A moment later a man in his sixties wearing a rumpled brown suit exited the building. He wasn’t that short but he seemed shorter than he was because his legs were stumpy and he weighed more than two hundred pounds. His hair was reddish gray and cut short on the sides, and he had the mug of an Irish brawler: a nose smashed flat by more than one fist, fleshy jowls, and a pugnacious, in-your-face chin. His eyes were small and mean and blue.
DeMarco waited until Cochran reached the bottom of the steps before he yelled, “Hey, Denny, c’mere a minute.”
Cochran smiled automatically when he heard his name called— a political facial tic that exposed his teeth. The smile disappeared when he saw the speaker was DeMarco.
“What do you want, DeMarco? Mahoney already sent Perry Wallace up here to talk to me, and I’ll tell you the same thing I told him: kiss my fat Irish ass. I’ll vote any fuckin’ way I want to.”
DeMarco nodded his head as if agreeing with Cochran. “Yeah,” he said, “I heard you were real mean to Perry. That wasn’t nice.”
“Fuck you, tough guy. What do you think you’re gonna do? Put a bullet in me?”
It always bothered DeMarco when people said things like that to him.
“No, Denny, I’m not gonna do that. What I am gonna do is ask you why you’ve been doin’ what you’ve been doin’, and you’re gonna tell me. You voted against a school lunch program last week, you piece of shit! You know how Mahoney feels about things like that. So tell me who has their hooks into you, Denny, and don’t try to feed me that bullshit you fed Perry.”
“And if I don’t?” Cochran said, looking up at DeMarco, tilting his fleshy chin defiantly.
“Denny, you’re up for reelection next year.”
“You think I don’t know that.”
“You’ve been in this job, what, eighteen years? It’s the only thing you know how to do.”
“I’ll win. I’ve explained to my constituents—”
“Oh, shut up, Denny, just shut up. You know Michael Farleigh?”
“Farleigh, that kid at the DA’s office?”
“Yeah, Denny, that kid. The one who looks like Robert Redford and who’s won every case he’s ever tried.”
“He’d lose money if he took my job,” Denny said.
“Yeah, but he’s rich, Denny. And next week the party’s going to back him for your job. Very strongly. Half a million dollars will be earmarked for his campaign. People all over town are going to start talking about the need for change.”
“I’ll beat him. I got friends everywhere.”
“Yeah, you do, Denny, and they love you because you get them jobs and loan them money and listen to their complaints. And your friends don’t read the paper, except for the sports page, so they don’t know how you’ve been voting lately. But they watch TV, Denny. And half a million can pay for a lot of TV ads, ads that’ll tell all your friends how you’ve gone over to the dark side. And the ads will show pictures of Farleigh with his movie-star smile and his knockout of a wife, and next to him will be a picture of you exiting a bar, looking like the fucking dinosaur that you are.”

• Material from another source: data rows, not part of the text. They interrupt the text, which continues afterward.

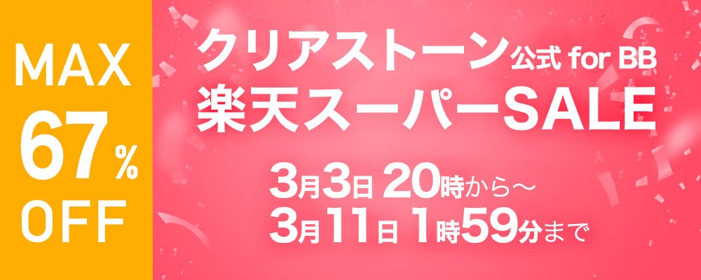 株式会社クリアストーン(本社:東京都、代表取締役社長:小野 志堅)は、2025年3月3日(月)より開催される楽天スーパーSALEにて、当社の人気アイテムを最大67%OFFで販売いたします。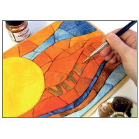 1. V případě, že použijeme zbytky barevných látek, přeskočíme krok 1–4. V opačném případě si rozložíme navlhčené kousky světlé přírodní látky například na sklo nebo igelit a plochým štětcem na ně naneseme barvu.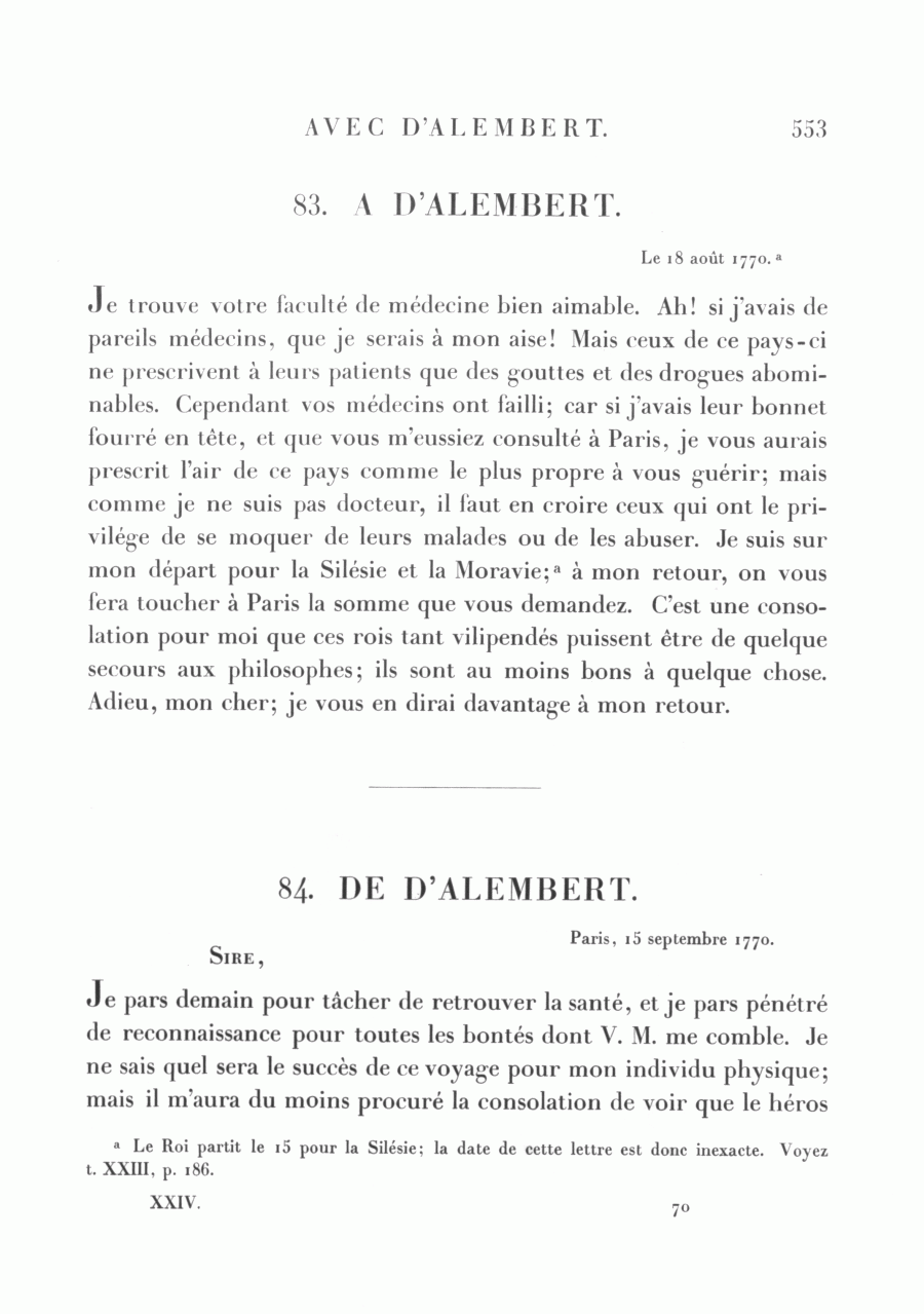 Je trouve votre faculté de médecine bien aimable. Ah! si j'avais de pareils médecins, que je serais à mon aise! Mais ceux de ce pays-ci ne prescrivent à leurs patients que des gouttes et des drogues abominables. Cependant vos médecins ont failli; car si j'avais leur bonnet fourré en tête, et que vous m'eussiez consulté à Paris, je vous aurais prescrit l'air de ce pays comme le plus propre à vous guérir; mais comme je ne suis pas docteur, il faut en croire ceux qui ont le privilége de se moquer de leurs malades ou de les abuser. Je suis sur mon départ pour la Silésie et la Moravie;a à mon retour, on vous fera toucher à Paris la somme que vous demandez. C'est une consolation pour moi que ces rois tant vilipendés puissent être de quelque secours aux philosophes; ils sont au moins bons à quelque chose. Adieu, mon cher; je vous en dirai davantage à mon retour.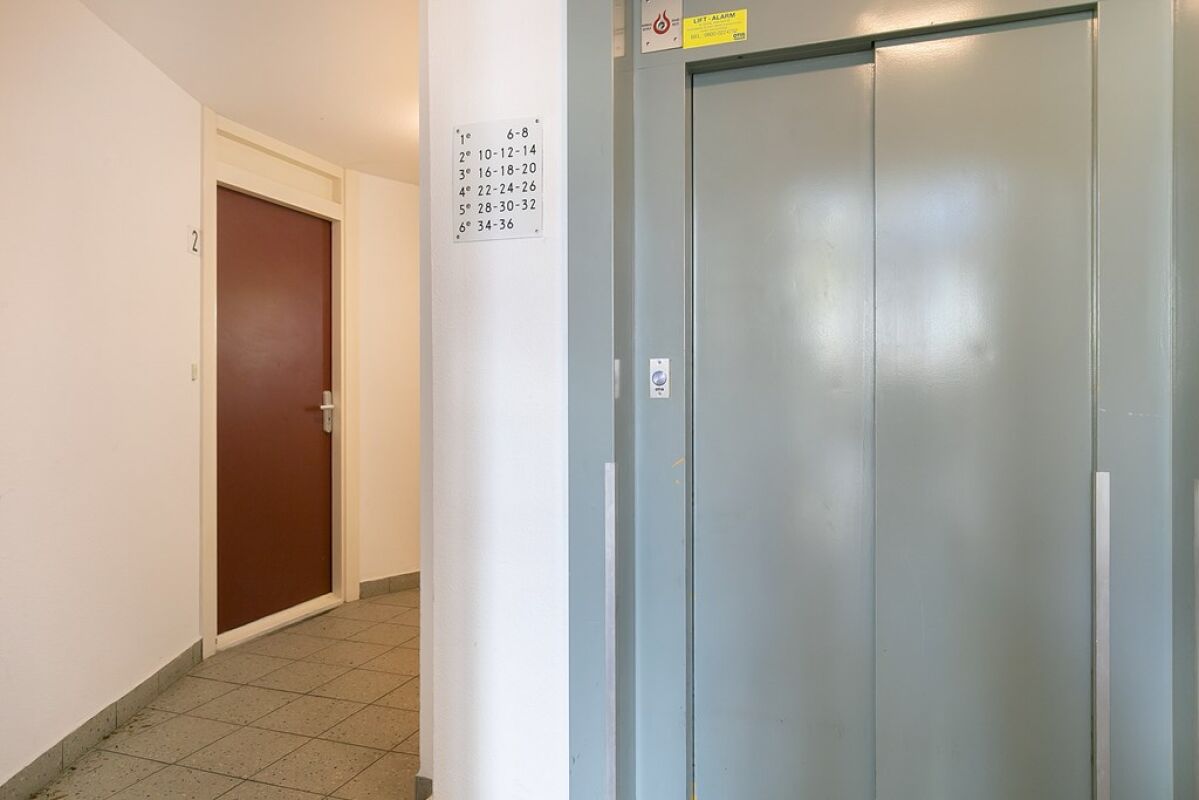 Op de hoek van het gebouw is de afgesloten entree van waaruit de verschillende woonverdiepingen te bereiken zijn. Dit appartement is op de begane grond gesitueerd, net als de privé berging waar ruimte is voor de fiets.

“He won’t run,” Cochran said.
“Yes, he will, Denny. He’ll run because Mahoney will ask him to and because Mahoney will promise to make him a congressman in a couple of years— or governor, if he doesn’t want to move to D.C.”
“How come Mahoney never backed me for governor?”
“Get serious, Denny. Now tell me who has their hooks in you, and I’m not going to ask you again.”
Cochran stood there a minute, his stubborn Irish face not giving an inch— then his features crumbled into surrender.
“Let’s go get some breakfast,” he said.